ホームページを読まれる立場


ぶらぶらと日記とかひとりごととか伝言板とかを読み連ねてて、ふと 「ホームページのROM(Read Only Member)は果たして?」と いう話題にぶち当たりました。

 ROM。懐かしいなぁ。俺の場合DOM(Download only Member) だったけど。もっと悪質じゃん>俺。

 そんな昔(そうなの?)の話したいんじゃなくってと。元に戻る。

 ROMてのはパソコン通信時代から使われていた言葉で、 会議室を読むだけ読んで自分は書き込まない人のことを嘲って いってたスラングです。で、ROMってのはホームページに おいてもやはりマイナスの意味をなすのか?って話題でした。

 てな訳で今回のネタにさせて頂きました。今回はパソコン通信で言う ROMは切り離して、純粋なホームページのROM、つまり ただホームページを読むだけの人って事で話をつなげていきます。

 まず先に個人的な考えですが、ホームページというものは 作ってインターネット上にアップした時点で、作者の手を離れてしまうもん だと思ってます。本やCD、その他もろもろ様々な表現物と一緒で。

つまりホームページの場合、ROMだろうがなんだろうが、作者側 にそれをとやかく言う権利なんか無い、ってのが私の基本的姿勢です。

 たとえ作った後で絶賛されようが、撲殺されようが文句言えない んですね。無視されるのも一緒。レスポンスがなかろうがそれは あくまで読んだ側の判断であって、作る側にはなすすべも無い んです。わめきちらそうが強要しようが、読む側が無視する 事ができる以上、どうにもならないんです。レスポンスを返す 返さないは結局は読み手の判断であり、作者は唇かみしめて 評価を受け入れるしか無いんです。バカみたいな本作っちゃって 各所でボロクソ言われても反論できないのと一緒。

 で、これだけだと納得できない方も多いでしょうから、トドメさしておきます。

もっと重要なこと。読み手の持つ感想は、作者の意図とは 全く無関係に存在する、ってこと。

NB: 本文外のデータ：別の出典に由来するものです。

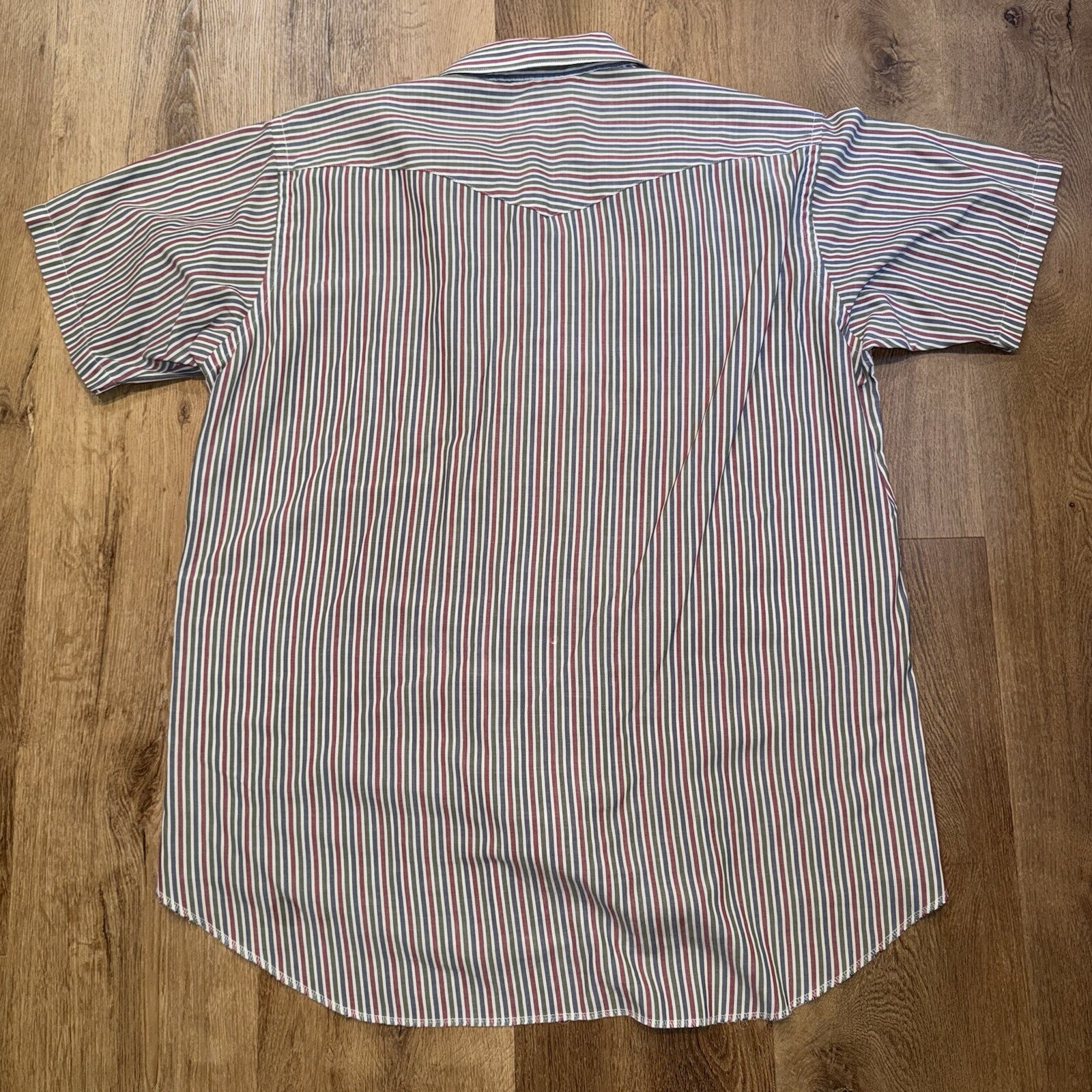 как выглядит Vtg Wrangler Shirt Pearl Snap Western Cowboy Striped X Long Tail Mens 19 3XL фото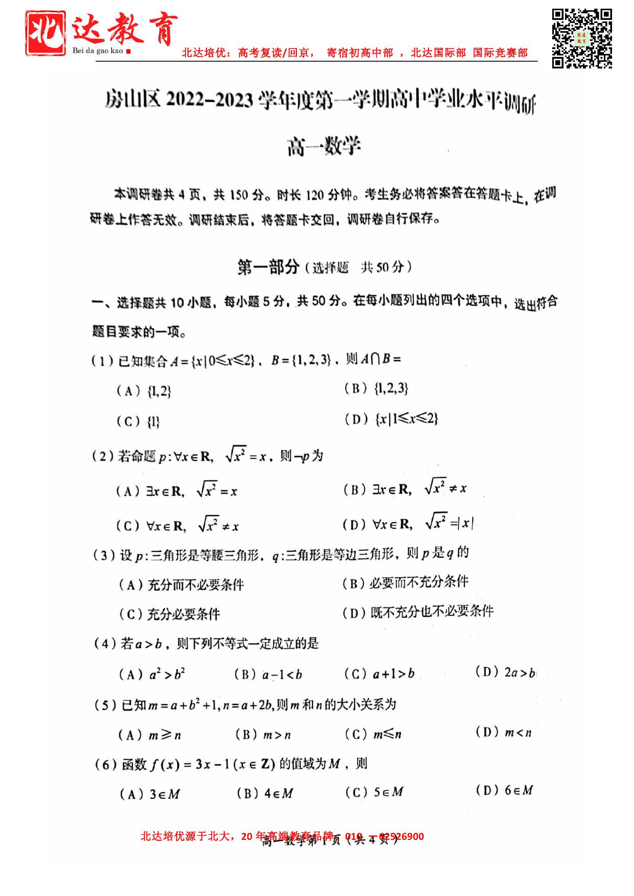北京admw360教研组收集整理了2022-2023学年北京房山高一(上)期中数学试题,一起来看看。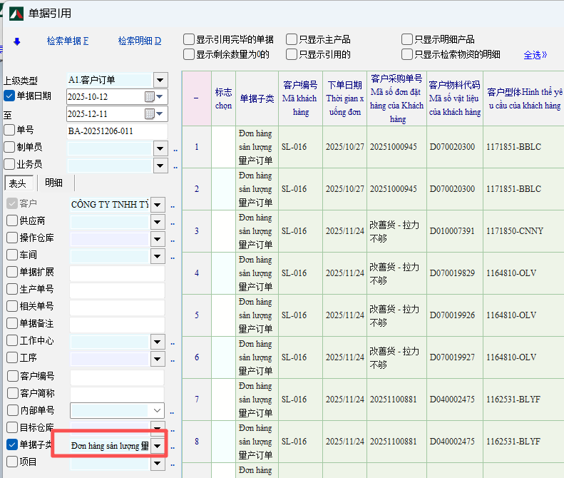 应用场景:下级单据设置了单据子类(量产或样品),在做下级单据的时候点击不同的引用菜单(脚本添加量产应用和样品引用)后自动设置单据子类,但是在引用界面还需要再选择一次单据子类,希望单据引用流程设置能像限制客户或厂商一样增加一个限制单据子类 |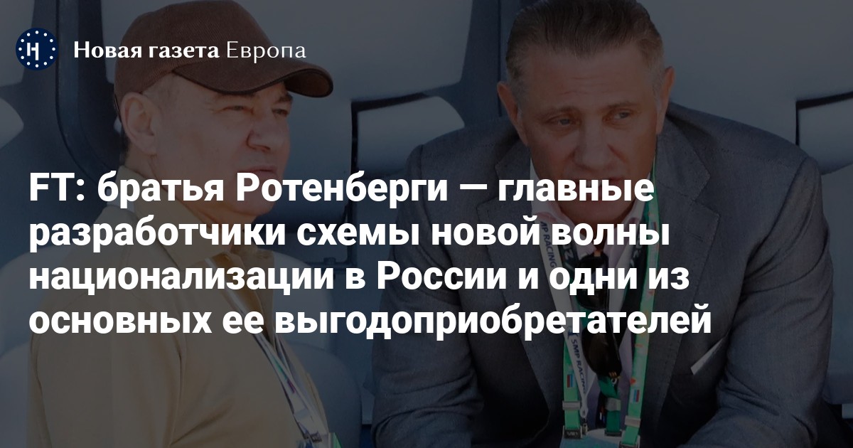 Бизнесмены Аркадий и Борис Ротенберги разработали «всю» концепцию «мягкой национализации» в России, которая случилась после начала войны в Украине и ухода западных компаний. Об этом сообщает Financial Times.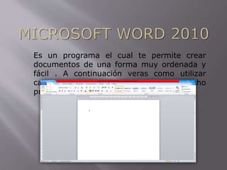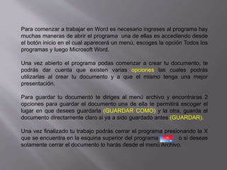 Este documento proporciona una introducción al programa Microsoft Word, explicando cómo abrir y cerrar documentos en Word, guardar documentos, y utilizar varias opciones y herramientas como formato, tablas, plantillas, páginas web, correspondencia combinada y tablas de contenido.

いくら作者が「このページは 作品を作る目的で作ったんじゃない」って言っても「コミュニケーション を目的に」とかいっても、それを判断するのは読み手ですから。 自分が作品じゃないつもりでも他人にとってはれっきとした作品なんです。 読み手にとって重要なのは「このページは面白いか」「このページは役に 立つか」「このページは読む価値があるのか」これだけです。

シビアですよこれは。本人が「さぁ皆さん、ウチのホームページで 活発にコミュニケーションをしましょう!」って両手おっぴろげて 叫んだ所で、読み手がその通りに反応する、とは限らないんだから。 だからみんなが見に来てくれて書き込んでくれてなんぼのはずのホムペ で閑古鳥が鳴いたり、コミュニケーション一切無視したページが 意図に反して活発に動いてしまったり。作者の目論見をあざ笑うかのように 読み手の「意識しない意志」でホームページの存在意義なんてものは どうにでも変わってしまいます。怖いですね、やっぱ。作る側が 「このページはこうしよう」って目的を持とうとすればするほど、 読み手側とのズレに辟易してるみたいです。

 ホームページ、個人だろうが企業だろうが関係なく、どうも全般的に 「モノを作る」意識に欠けているような 気がします。他人とのレスポンスにかかる距離(特に時間的な距離)が 極端に短いこと、本やCDと 違って1分単位での書き直しができること、てのが大きいと思うんですどね。

 本当は他人に公開して楽しんでもらうモノなのに、自分の専有物に しちゃってるような。いつまでの自分の手の中に、なんて感覚で他人においしい評価 もらおうなんて甘いです。モノの評価は他人にしてもらうという事に、 はやく気が付かなくちゃ。でなきゃいつまでたっても公開自慰ショーの域を 出ませんって。

 もっとも始めから自慰が目的だったら構いやしませんけどね。 俺のページみたいに(笑)。ってそれで落としたつもりか藤原。